Lestés de quelques calories, nous nous dirigeons vers l’entrée du village en longeant le mur du cimetière.


De là, grimpe un chemin forestier sur environ 800m, qui conduit à la curiosité des lieux : l’autel de Zeus, un imposant rocher aplani et sculpté présentant des traces d’aménagements en vue de cérémonies sacrificielles et une citerne. Il est très probable que les habitants d'Antandros, cité antique située à une vingtaine de kilomètres, se réunissaient ici. Nul doute de sa destination votive. Mais quel dieu y implorait-on ?



Rien ne vient étayer les allégations du richissime homme d’affaire allemand Heinrich Schliemann (1822 / 1890), féru de littérature homérique et découvreur du site de Troie.
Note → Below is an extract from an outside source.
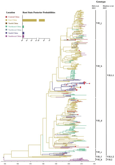 Because of its dominant role in the NDV epidemic in China, genotype VII was specifically targeted for follow-up analysis. A root-to-tip regression analysis of genotype VII NDVs showed a correlation coefficient and R2 of 0.6554 and 0.4295, respectively, confirming the presence of temporal structure. To estimate the geographic origin and the most significant epidemiological links of genotype VII NDVs in China, a discrete trait Bayesian phylogeographic method and a Bayesian Stochastic Search Variable Selection (BSSVS) procedure were implemented with different regions and hosts. The time-scaled maximum clade credibility (MCC) tree of genotype VII NDVs showed that these viruses isolated from China comprised three sub-genotypes, VII.1.1, VII.1.2, and VII.2, according to the recent classification system described by Dimitrov et al. [8] (Figure 4). Sub-genotype VII.1.1 was the dominant cluster from 1995 to 2019 (404/420, 96.2%) and contained sub-genotypes VII_b, VII_d, VII_e, and VII_j, which had been previously classified according to the criteria by Diel, et al. [29]. Our Bayesian phylogenetic analysis also showed that genotype VII probably firstly emerged in East China (root posterior probability = 0.91), with the time of most recent common ancestor (TMRCA) around 1951 (95% HPD: 1941–1960), well before the submission of the first genotype VII NDV sequence from China to GenBank (Figure 4).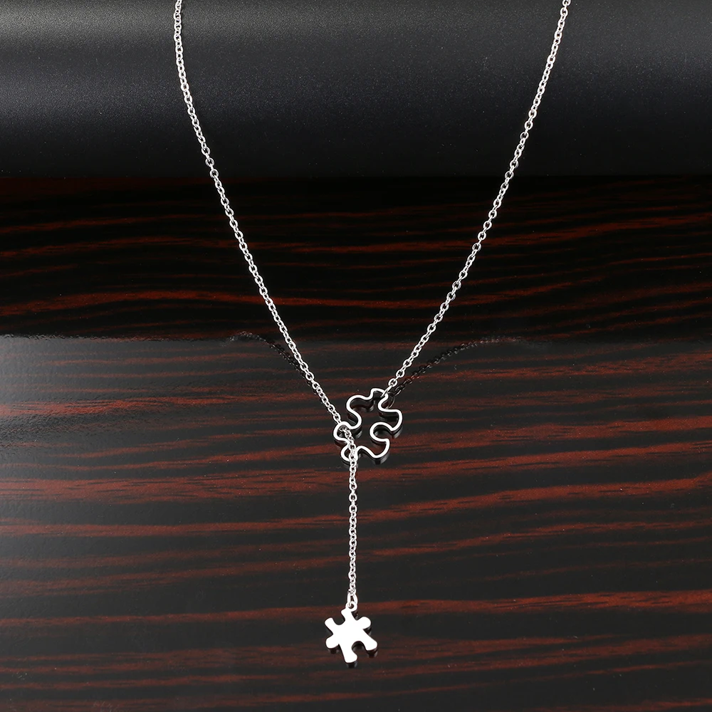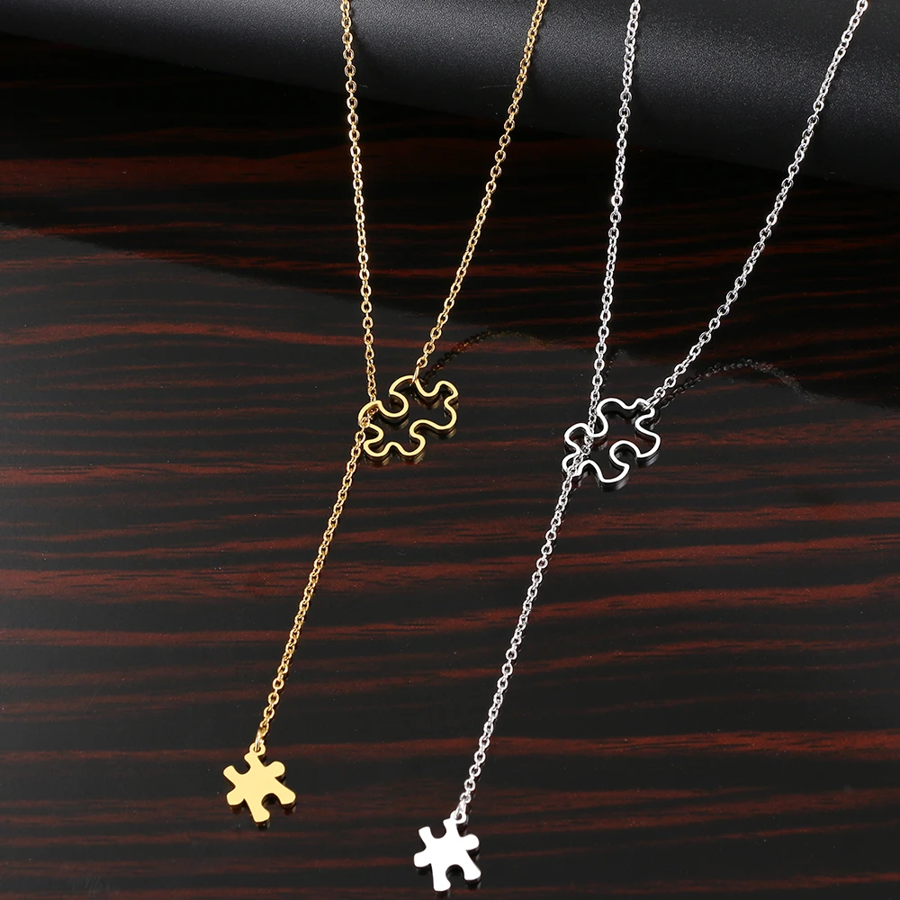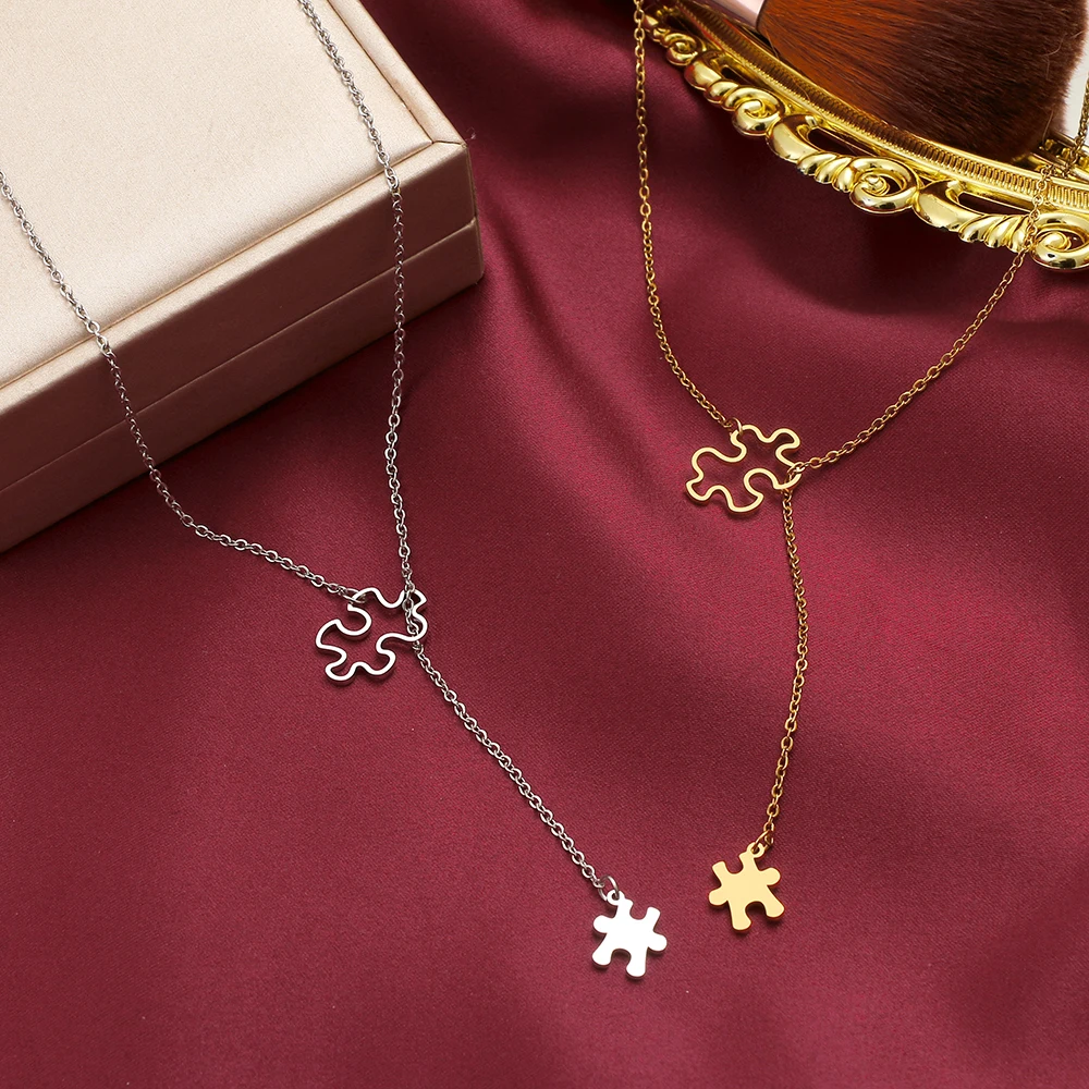 Ожерелья из нержавеющей стали, простой пазл, двойные аксессуары, подвеска-цепочка, чокер, очаровательное модное ожерелье для женщин, ювелирные изделия, подарки

Il a identifié l’endroit avec l’archéologue Walther Judeich (1859 /1942) comme sanctuaire dédié au culte de Zeus en localisant ici le sommet Gargaros mentionné dans l’Iliade, d’où le père des dieux de l’Olympe observe la guerre sans merci que se livrent les Achéens et les Troyens à une centaine de kilomètres plus au Nord. C’est sur le Gargaros et son autel parfumé qu’Héra, sa femme, vient le rejoindre et le séduire afin de détourner son attention de la bataille et ainsi priver les Troyens de l’assistance divine et donner l’avantage aux Achéens.
Apparemment, les visiteurs n’ont retenu de la scène évoquée que la romantique union que Zeus aurait pudiquement enveloppée d’un nuage. Les couples y viennent main dans la main et nouent sur les branches des arbustes environnants des rubans, des bouts de tissus chargés de transmette leurs vœux, avec l’espoir qu’ils soient exaucés !



Curieux amalgame de mythologie grecque, hypothétiquement concrétisée par un autel de Zeus, et d’ancestrales croyances turques, réminiscences chamaniques qui font d’un arbre sur les hauteurs un lieu sacré auquel on peut confier ses souhaits.

Du haut du rocher, on découvre une partie du golfe d’Edremit et dans la brume, l’île de Lesbos qui lui fait face.


En respirant à plein poumon, on redescend en prenant le temps d’admirer le paysage. Sur la droite, le village se dévoile peu à peu entre les pins.